Потом мы пили чай. Катюша никак не могла усидеть за столом. Она то и дело вскакивала и бежала то на кухню, то в погреб. И всякий раз несла новое угощение: или свежую, в сизом налете, голубицу, или малину, облитую густыми сливками, или нежный, чуть желтоватый творог, или пирог с молодыми таймешатами – гольцами. Все это было необыкновенно вкусно, и я, не кривя душой, повторял:

– Катенька, вы меня закормите насмерть. Перестаньте подносить такие вкусные вещи.

Алексей сидел, улыбаясь. Ему было приятно, что у него жена такая расторопная хозяйка.

Между тем солнце понемногу сползало к горизонту. Окончив чаепитие, мы с Алексеем вышли во двор освежиться. Катюша осталась в избе прибирать посуду.

– Ну что же, – сказал Алексей, засунув руку в распахнутый ворот рубахи и похлопывая себя по груди, – пошли рыбу ловить.
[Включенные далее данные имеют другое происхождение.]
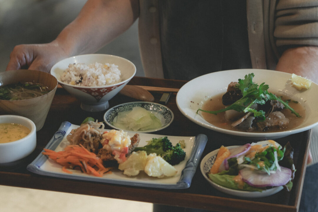 お馴染みのゴトウパンさんとまるまつ食堂のランチ、今回はおむすびころりんさんのおむすびも新たに加わりました。ご馳走様でございました。

Не сидеть же нам в такую ночь дома.

– Конечно, – подтвердил я, – только ты мне, Алеша, дай на ноги надеть что-нибудь другое…

– А! Я тебе говорил?! – торжествуя воскликнул он. Увел меня в амбар и там помог переодеться. Лишних бродней у Алексея не оказалось. Он предложил мне ичиги.
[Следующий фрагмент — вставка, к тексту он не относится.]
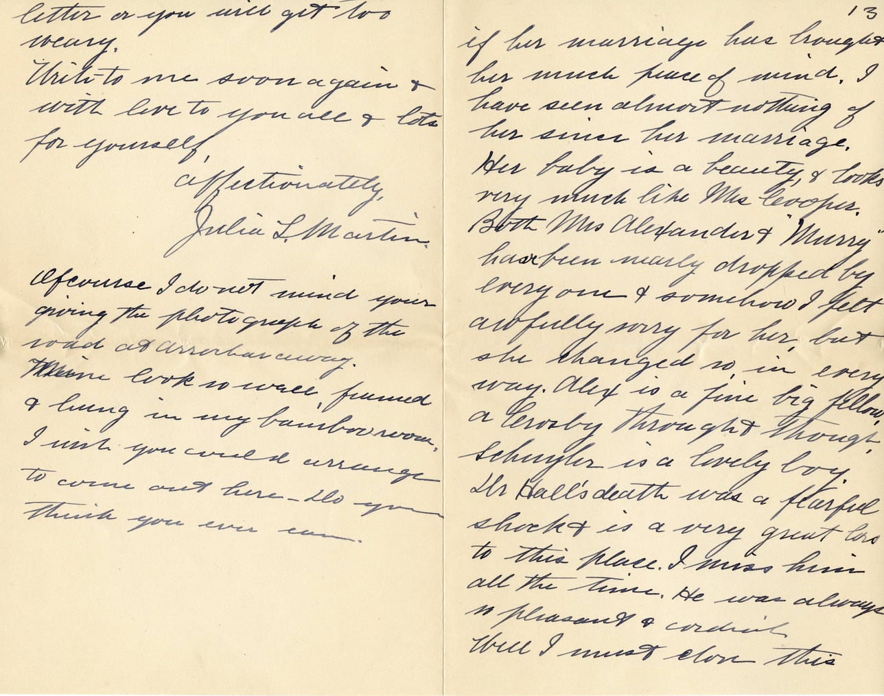 letter or you will get too weary. Write to me soon again & with love to you all & lots for yourself, affectionately, Julia L. Martin Of course I do not mind your giving the photograph of the road at Arranbarcaway. Therine looks so well, framed & hung in my boudoir room. I wish you could arrange to come out here—do you think you ever can. If her marriage has brought her much peace of mind, I have seen almost nothing of her since her marriage. Her baby is a beauty, & looks very much like Mrs. Coopes. Both Mrs. Alexander & "Murry" have been nearly dropped by everyone & somehow I feel awfully sorry for her, but she changed so, in every way. Ally is a fine big fellow, a lovely thought though. Schuyler is a lovely boy. Mr. Ball's death was a fearful shock & is a very great loss to this place. I miss him all the time. He was always so pleasant & cordial. Well I must close this

– Тебе бродни ни к чему, – сказал он, – в воду на лезть, будешь ходить по берегу.

Я быстро натянул ичиги и, подражая Алексею, хлопнул по голенищам.

– Ну, значит, тронулись, – оглядел он меня. – Взял бы ты однорядку.
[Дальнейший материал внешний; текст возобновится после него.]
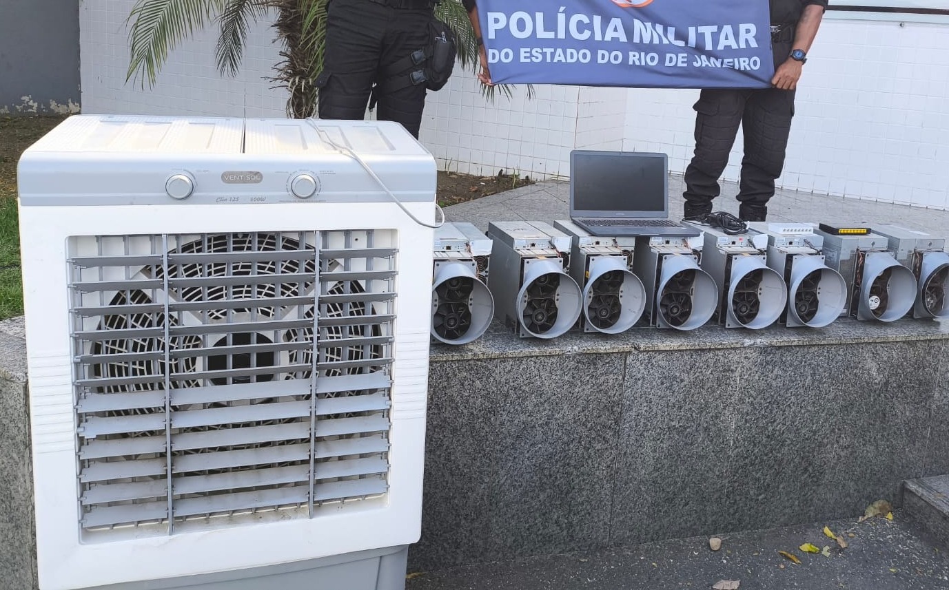 Diante dos fatos, foi acionado o serviço reservado da Polícia Militar para levantamento da propriedade do imóvel. Pela janela, foi possível visualizar uma grande quantidade de equipamentos eletrônicos, que foram identificados como uma central de mineração de criptomoedas. Foram apreendidos na residência um climatizador de ar, oito computadores, um notebook e dois switches (aparelhos utilizados para conectar vários dispositivos).

– Да нет, Алеша, в моей гимнастерке холодно не будет. Весь день такой зной стоял.

– Не в этом сила, – пожал плечами Алексей, – некрасиво выглядишь. Пошли!

Он перебросил через плечо сеть, под мышку сунул гагарку – сколоченную из обугленных драниц крестовину – и помахал Катюше рукой.

– Ленчишку поймайте, – крикнула она из дверей. – На пирог тесто поставлю.

Хорошая россыпь была совсем недалеко: каких-нибудь полтора километра от города. Мы присели на бережке, ожидая, когда сгустятся сумерки. Рыбалка с наплавной сетью возможна только ночью.

Над нами столбом толклись комары, звенели надоедливо. В реке плескалась рыба. Хариусы жадно хватали опустившихся на воду неосторожных букашек. Где-то позади нас, на горе, мычали коровы, – пастухи гнали ко дворам стадо.

– Расскажи что-нибудь, Алеша, – попросил я, – пока время есть.

– Ишь ты! Расскажи ему! Что же тебе рассказать? Разве как меня волки кружили на Шуму или как на солонцах зверя караулил?

– Что хочешь, то и рассказывай. Давай хоть про волков.

– Нет, – перебил меня Алексей, – это не к месту, лучше расскажу, как я с братаном рыбу лучил.

Он помолчал немного и вдруг ни с того ни с сего сказал:

– Вчера на заводе новую бревнотаску пустили. Здорово получается. Как зацепит сутунок, вот такой, и прет – только цепи дрожат. Понимаешь, силища какая. А рабочему только всего и делов что цепь на сутунок накинуть да ломиком на ролик его повернуть. Люблю такие штучки. Вот еще штабелер где бы достать! Рассказывал про него Василий Степанович – славная придумана машина.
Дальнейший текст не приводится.